= Peter Mumford (lighting designer) =

Peter Mumford is an international lighting designer who trained at the Central School of Art in London. He won Laurence Olivier Awards for his work, in 1995 and 2003.

==Biography==
Peter Mumford trained at the Central School of Art in London, under Ralph Koltai, in the late Sixties. In 1969, during his last year at art school, he became a founder member of the mixed media experimental theatre group Moving Being (director Geoff Moore), with whom he worked as designer and lighting and projection designer on all productions until 1978. Mumford moved to Cardiff with Moving Being in 1972, where he designed a temporary theatre space for the new Chapter Arts Centre. After that he continued to work with Moving Being on a project basis but began a wider based freelance career. In the late Seventies he became a part-time member of the faculty of the London Contemporary Dance School at The Place, teaching a course relating choreography to visual art and design and also at that time began collaborating with a number of choreographers in their early work at The Place, such as Siobhan Davies, Richard Alston, Ian Spink and many others. When the company Second Stride was formed in the early Eighties Peter was a founding collaborator as lighting designer - another working relationship that would last for nearly another decade. In the Eighties, Peter designed the lighting for a huge number of dance works for companies such as London Contemporary Dance Theatre, Rambert Dance Company, Second Stride, Siobhan Davies Dance Company and many other individual projects at that time. He also continued to design projects with Moving Being like the major site specific “Mabinogion” - first at Carnarvon Castle and later in Cardiff.
His work gradually expanded into opera, designing sets/costumes and lighting for “Parsifal“ for Welsh National Opera in 1978 and then into drama more towards the end of the 1980s. The Overgrown Path at The Royal Court Theatre in 1985 was the first straight play he lit in London.

In 1986 he co-founded Dancelines Productions, a film/TV production company committed to creating and producing dance for television. He produced and directed many programmes/films for Dancelines for both Channel 4 and BBC2 up until the mid- Nineties and during that period the work won many awards including OperaScreen IMZ 1991- Best New Work / DanceScreen 1992 - Best Studio Adaptation/ Video Danse Grand Prix 1994 - best series (Dance House) and an Emmy Award Nomination for the TV adaptation of Matthew Bourne’s Swan Lake which Peter directed.
The last real work in this area was the series “48 Preludes and Fugues” (Bach) for BBC2 in 2002 - 48 short films, of which Peter directed 24 and was lighting director on the rest.
His work is now predominantly in the area of lighting design, but still designs sets on certain projects and most recently was Director of Photography for Francesca Zambello’s film of “The Little Prince”.

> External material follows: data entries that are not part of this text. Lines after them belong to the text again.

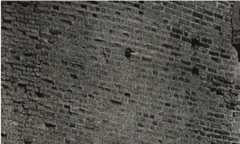
Fig. 3. Example of masonry destruction.

Low deterioration (less 15%) is caused by the defrosting, weathering and fire damages of walls material to depth no more than 5 mm, vertical and oblique cracks, crossing no more than two masonry rows.
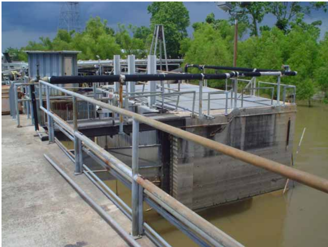
16. Screens around intake.
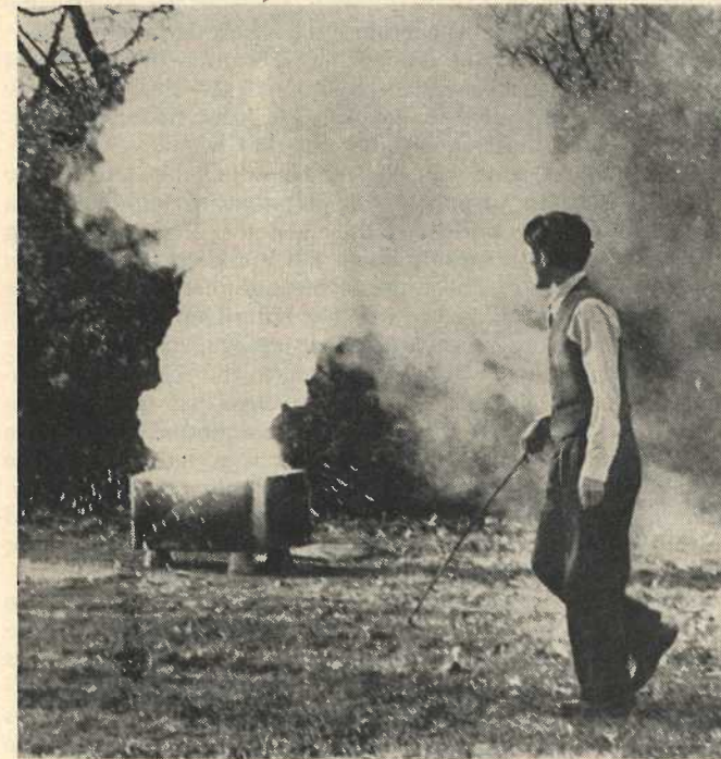
WASHINGTON SCENE, DEC. 7, 1941 In the back yard of the Japanese Embassy, a diplomat watches as documents are burned

Another astonishing feature connected with this last denial was that the time-of-delivery message definitely established that Pearl Harbor would be the scene of the attack. Added to the earlier evidence, there was no other plausible deduction. We have seen that there were only two attractive objectives
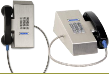
MHW-341-F-IVC or MHD-341-F-IVC

PRODUCT MANUALS WITH FULL FEATURES AND FUNCTIONS AVAILABLE UPON REQUEST
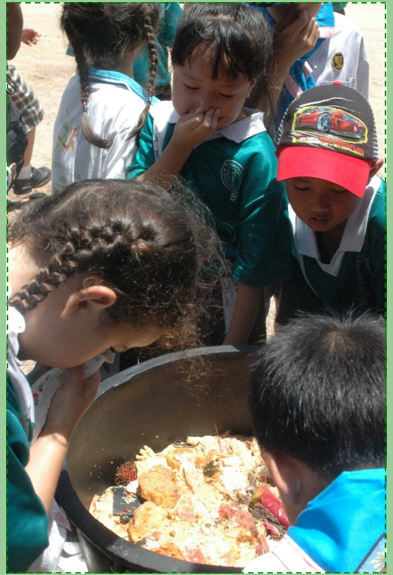
Food waste for composting

Evason Phuket & Six Senses Spa hopes the children can take the knowledge with them and adopt it both at their school and at home.
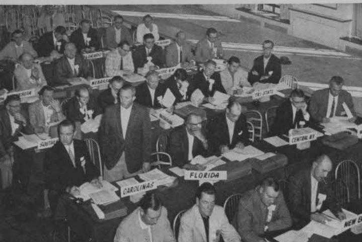
Chairs began to feel like bucket seats after first day's session but caucusing went on for a week.
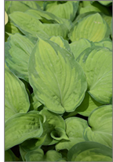
Paradigm Hosta foliage

This plant does best in partial shade to shade. It prefers to grow in average to moist conditions, and shouldn't be allowed to dry out. It is not particular as to soil type or pH. It is somewhat tolerant of urban pollution. This particular variety is an interspecific hybrid. It can be propagated by division; however, as a cultivated variety, be aware that it may be subject to certain restrictions or prohibitions on propagation.
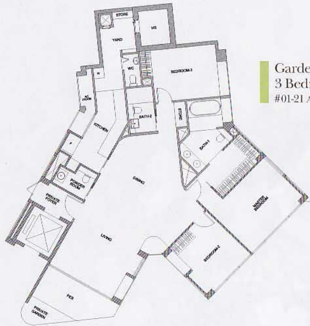
Garden Villa 3 Bedroom C16p #01-21 Approx. 164 sqm / 1,765 sq ft
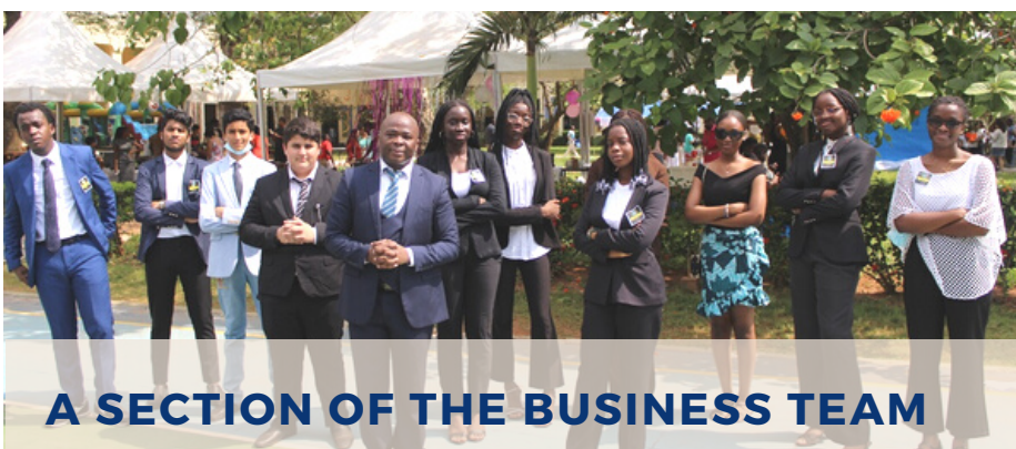
A SECTION OF THE BUSINESS TEAM
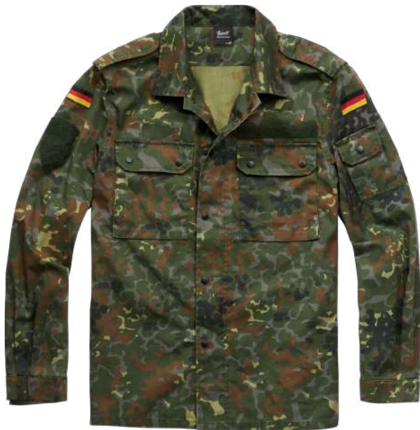
14 · flecktarn
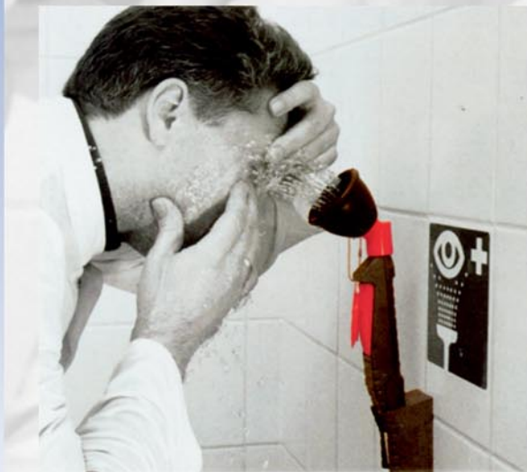
Wall mounted, trigger operated eye shower

Fast and effective first aid Broen Redline is a complete range of Emergency Showers and Eye Washes, which are principally used in laboratories and other areas where there is a high risk of accidents in the form of burns, scalds and acids injury.
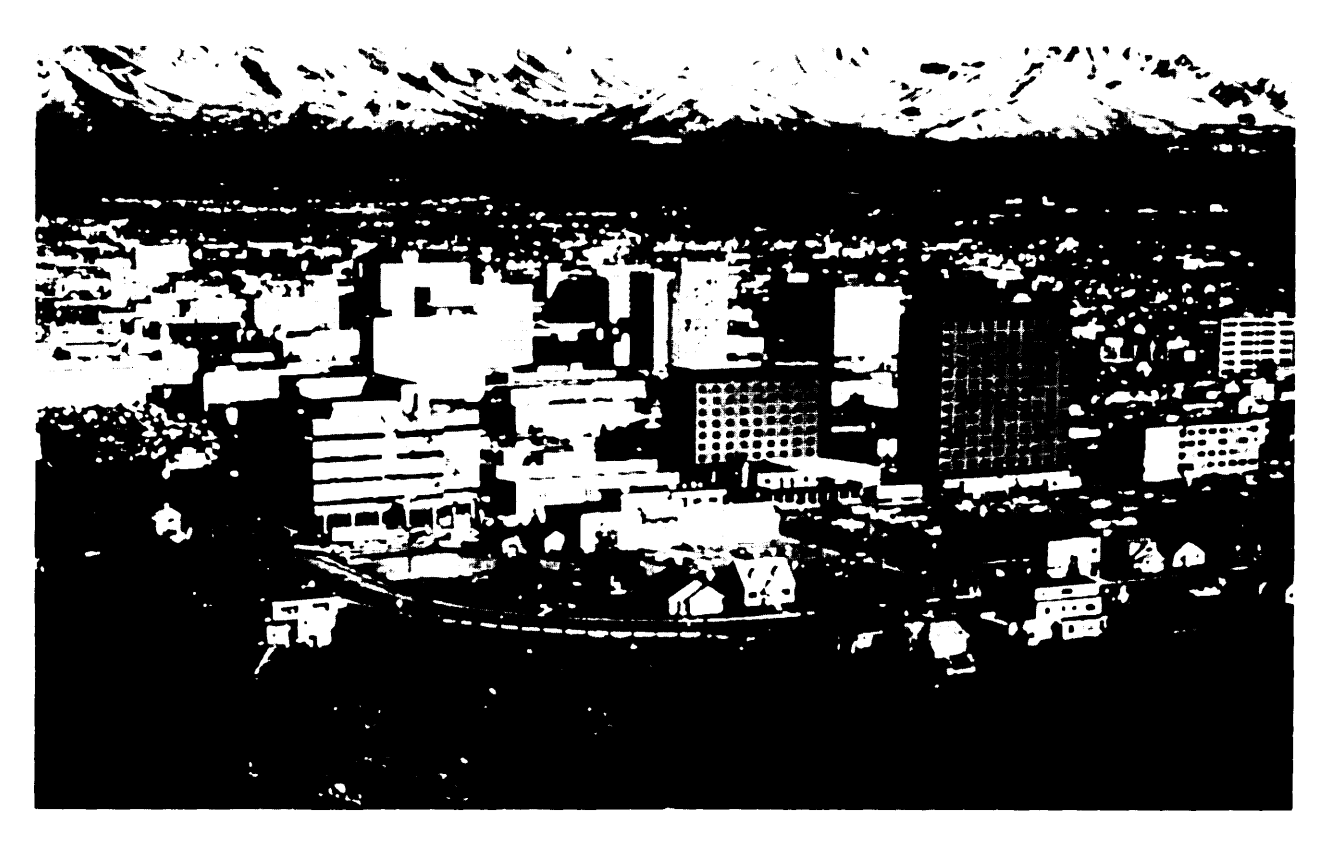
Ahg Age heChghM ebg d

United States retains absolute jurisdiction over these Native lands. These Native lands are not subject to State taxation except as provided by Congress. Lands that are conveyed to an Alaska Native without restraint on alienation under the Alaska Native Allotment Act are not subject to this absolute Federal jurisdiction and may be treated substantially the same as other private lands. <sup>14</sup>

He has directed on occasion in the theatre as well as film and television. Productions include “Hamletmachine” and “No, to the Yes-sayer” (Jasager/Neinsager); both at St. Stephens Theatrespace in Cardiff. “The Man with the Foot-soles of Wind”; Almeida Opera. “Earth and the Great Weather”; Almeida Opera. “ L’Heure Espangnol” & L’Enfant et Les Sortileges”; Opera Zuid.

Work in the theatre nowadays, is spread fairly equally across drama, dance (ballet) and opera.

Most recent work includes “Corybantic Games” (Royal Ballet); “John” (National Theatre, London); “My Name Is Lucy Barton” (The Bridge Theatre); “The Way Of The World" (Donmar Warehouse); “The Ferryman” (The Gielgud Theatre); “Long Day's Journey Into Night” (Wyndham's Theatre, London); “Carmen” (The Metropolitan Opera, New York).

Peter was Chairman of the British Association of Lighting Designers from 2011 to 2017.

==Awards==
- Laurence Olivier Award 1995 - Outstanding Achievement in Dance
- Crystal Award, Prague - Matthew Bourne's Swan Lake (Film)
- Opera Screen IMZ 1991 - Best New Work, Heaven Ablaze In His Breast
- Dance Screen 1991 - Best Studio Adaption, White Man Sleeps
- Irish Theatre Awards 2001 - Best Lighting Design, Iphigenia (Abbey Theatre)
- Laurence Olivier Award 2003 - Best Lighting Design, The Bacchai (National Theatre)
- Knight of Illumination 2010 - Best Lighting Design for a play, Sucker Punch (Royal Court Theatre)
- Helpmann Awards 2013 - Best Lighting Design, King Kong Live On Stage
- Green Room Award 2013 - Best Lighting Design, King Kong Live On Stage
- The South Bank Sky Arts Awards 2017 - Opera Award, The Ring Cycle

==Personal life==
Peter splits his time between London and Kefalonia with his wife, Alix Harvey-Thompson.